***** Extracted data *****
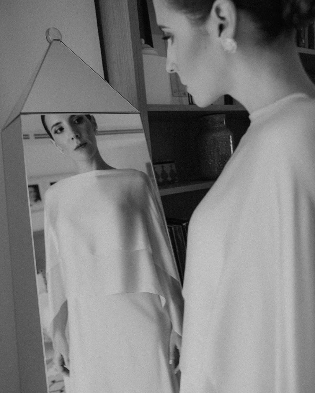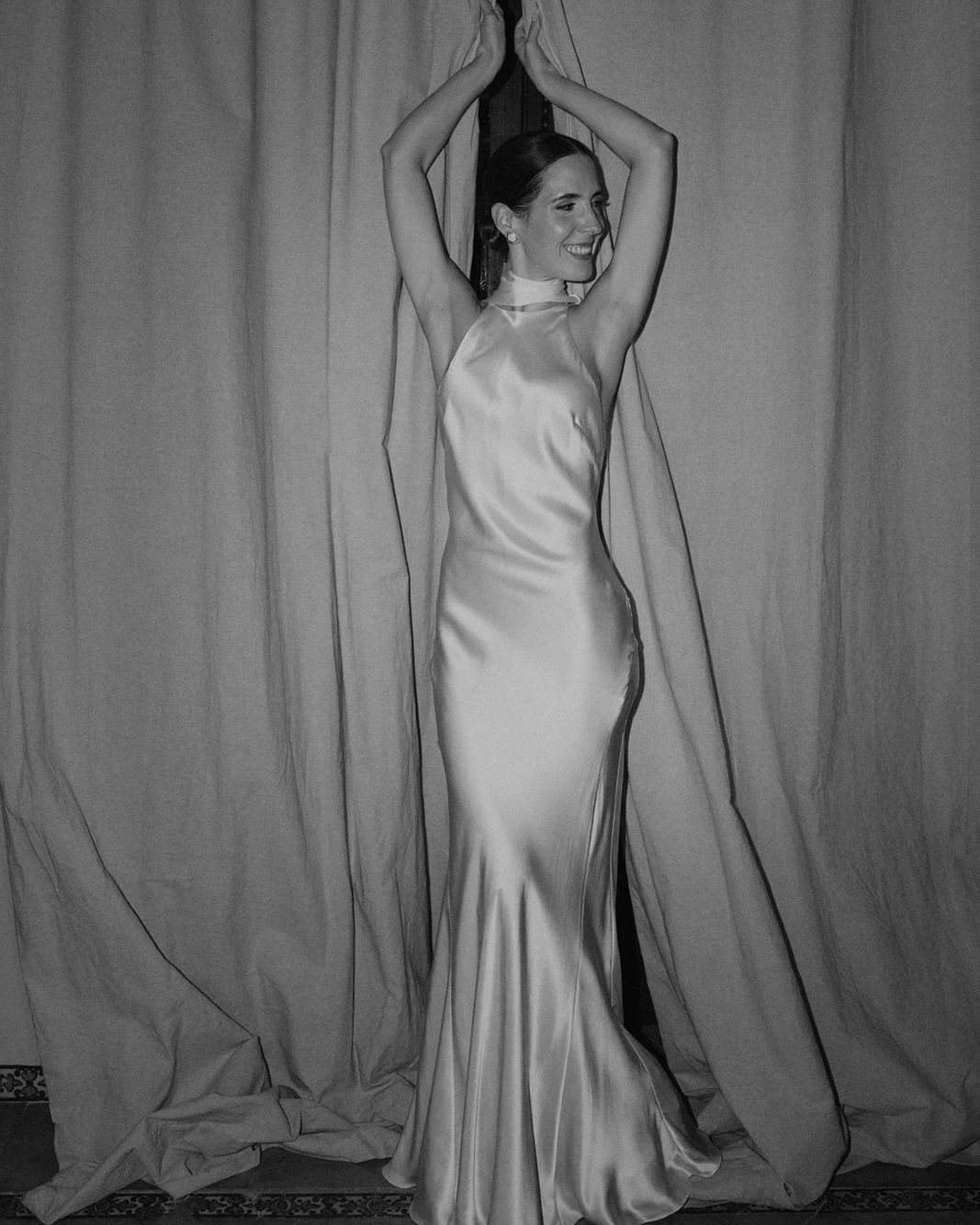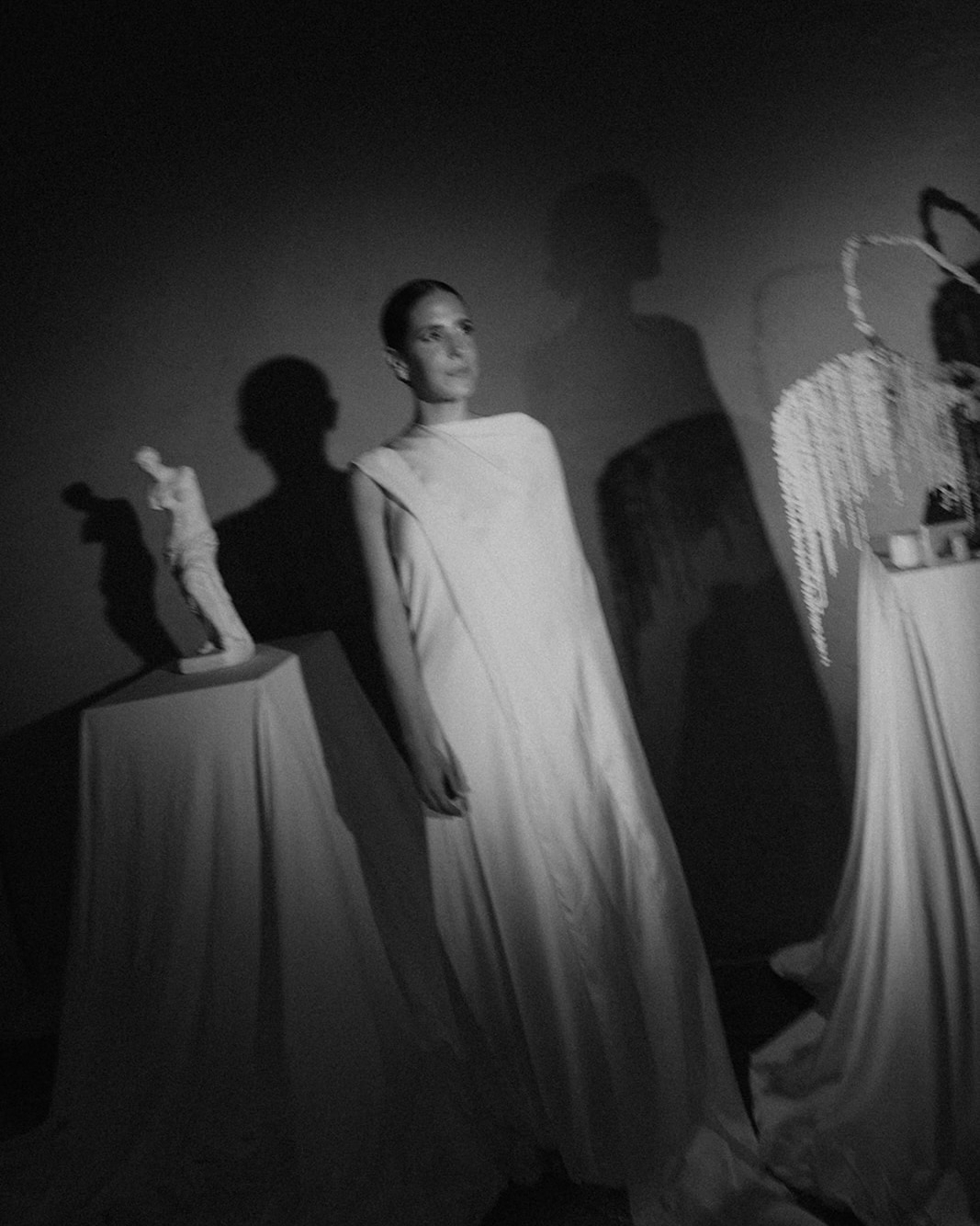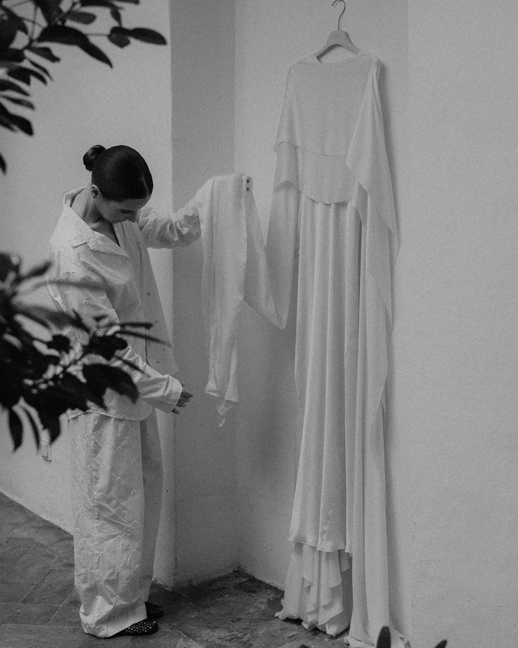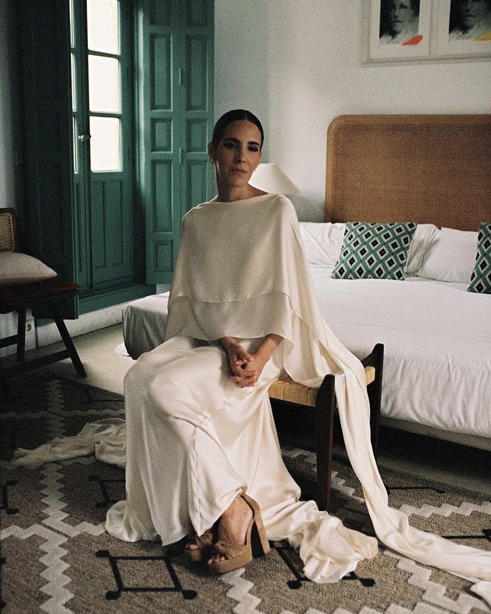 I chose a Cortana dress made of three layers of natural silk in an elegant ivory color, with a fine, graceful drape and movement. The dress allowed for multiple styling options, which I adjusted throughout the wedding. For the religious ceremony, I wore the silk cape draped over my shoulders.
*****
***** Extracted data *****
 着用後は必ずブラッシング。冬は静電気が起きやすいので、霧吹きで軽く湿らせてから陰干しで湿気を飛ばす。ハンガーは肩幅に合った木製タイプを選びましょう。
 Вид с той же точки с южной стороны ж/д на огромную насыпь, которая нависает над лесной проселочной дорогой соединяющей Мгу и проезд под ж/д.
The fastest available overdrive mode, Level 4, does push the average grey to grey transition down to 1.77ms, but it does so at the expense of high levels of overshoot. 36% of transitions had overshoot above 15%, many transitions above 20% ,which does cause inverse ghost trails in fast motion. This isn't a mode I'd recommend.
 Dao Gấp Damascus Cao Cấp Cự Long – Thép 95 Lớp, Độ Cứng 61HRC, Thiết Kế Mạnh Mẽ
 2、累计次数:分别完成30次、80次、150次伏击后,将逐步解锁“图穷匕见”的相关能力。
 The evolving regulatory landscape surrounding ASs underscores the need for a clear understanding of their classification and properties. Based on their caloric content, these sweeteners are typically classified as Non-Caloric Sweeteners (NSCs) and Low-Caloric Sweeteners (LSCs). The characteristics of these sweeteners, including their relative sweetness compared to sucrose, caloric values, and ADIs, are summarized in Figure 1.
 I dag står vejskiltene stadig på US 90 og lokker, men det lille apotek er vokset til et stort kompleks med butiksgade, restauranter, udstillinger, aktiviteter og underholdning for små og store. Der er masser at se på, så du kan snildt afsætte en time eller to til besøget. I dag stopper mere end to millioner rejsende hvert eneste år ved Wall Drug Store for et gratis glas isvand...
*****
***** Extracted data *****
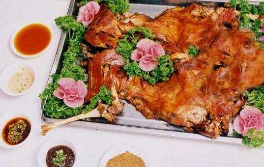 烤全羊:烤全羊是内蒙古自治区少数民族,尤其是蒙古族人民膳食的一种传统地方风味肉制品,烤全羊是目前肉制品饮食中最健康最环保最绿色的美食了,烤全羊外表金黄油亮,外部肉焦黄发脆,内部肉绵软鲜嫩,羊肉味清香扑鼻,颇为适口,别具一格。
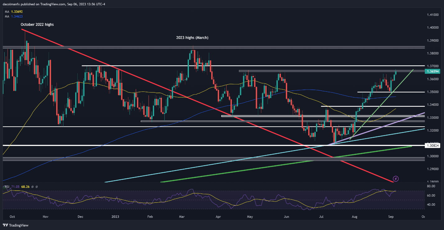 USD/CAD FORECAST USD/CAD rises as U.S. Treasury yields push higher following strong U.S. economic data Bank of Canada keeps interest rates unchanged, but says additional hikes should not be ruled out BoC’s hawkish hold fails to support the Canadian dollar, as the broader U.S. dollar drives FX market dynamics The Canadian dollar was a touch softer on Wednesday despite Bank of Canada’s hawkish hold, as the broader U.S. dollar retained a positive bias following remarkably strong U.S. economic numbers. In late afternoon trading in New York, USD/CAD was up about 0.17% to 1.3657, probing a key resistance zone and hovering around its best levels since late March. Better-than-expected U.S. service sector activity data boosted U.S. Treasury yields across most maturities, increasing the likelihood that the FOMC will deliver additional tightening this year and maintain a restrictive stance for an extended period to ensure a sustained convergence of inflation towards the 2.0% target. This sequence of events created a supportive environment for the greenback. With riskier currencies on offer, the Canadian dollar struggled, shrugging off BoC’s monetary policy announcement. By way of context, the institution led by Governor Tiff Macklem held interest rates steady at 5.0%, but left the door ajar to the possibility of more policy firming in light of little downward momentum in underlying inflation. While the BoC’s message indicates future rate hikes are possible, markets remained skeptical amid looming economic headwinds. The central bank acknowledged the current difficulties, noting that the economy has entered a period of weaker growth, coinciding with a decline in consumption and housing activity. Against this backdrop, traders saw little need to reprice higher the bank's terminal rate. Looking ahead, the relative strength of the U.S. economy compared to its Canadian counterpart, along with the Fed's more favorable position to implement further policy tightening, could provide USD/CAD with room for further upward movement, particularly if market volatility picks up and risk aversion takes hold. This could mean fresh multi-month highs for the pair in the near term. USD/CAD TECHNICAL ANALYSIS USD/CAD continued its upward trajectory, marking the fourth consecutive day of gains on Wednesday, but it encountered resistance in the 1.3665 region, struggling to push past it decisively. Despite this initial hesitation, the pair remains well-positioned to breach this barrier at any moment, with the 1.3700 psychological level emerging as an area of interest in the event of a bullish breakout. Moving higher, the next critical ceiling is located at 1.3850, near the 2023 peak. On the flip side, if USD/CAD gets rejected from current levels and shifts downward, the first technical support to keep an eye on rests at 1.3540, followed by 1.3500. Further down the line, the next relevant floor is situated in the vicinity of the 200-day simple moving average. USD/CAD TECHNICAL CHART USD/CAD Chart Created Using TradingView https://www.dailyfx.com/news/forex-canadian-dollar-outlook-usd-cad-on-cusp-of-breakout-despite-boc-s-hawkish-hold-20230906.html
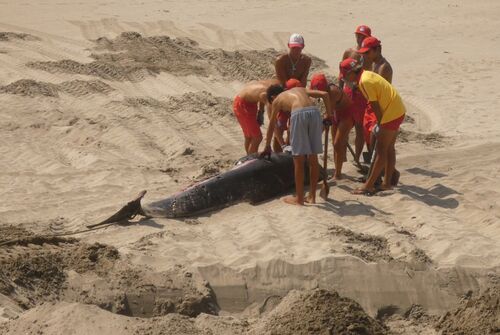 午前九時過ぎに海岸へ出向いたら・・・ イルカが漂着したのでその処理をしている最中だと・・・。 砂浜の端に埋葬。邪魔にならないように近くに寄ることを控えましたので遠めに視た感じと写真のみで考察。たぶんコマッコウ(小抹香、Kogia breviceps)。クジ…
*****
### [Problem]
Retype the entries above exactly, but only from the line containing "The fastest available" through the line containing "2、累计次数:分别完成30次", both included.

### [Answer to the problem]
The fastest available overdrive mode, Level 4, does push the average grey to grey transition down to 1.77ms, but it does so at the expense of high levels of overshoot. 36% of transitions had overshoot above 15%, many transitions above 20% ,which does cause inverse ghost trails in fast motion. This isn't a mode I'd recommend.
 Dao Gấp Damascus Cao Cấp Cự Long – Thép 95 Lớp, Độ Cứng 61HRC, Thiết Kế Mạnh Mẽ
 2、累计次数:分别完成30次、80次、150次伏击后,将逐步解锁“图穷匕见”的相关能力。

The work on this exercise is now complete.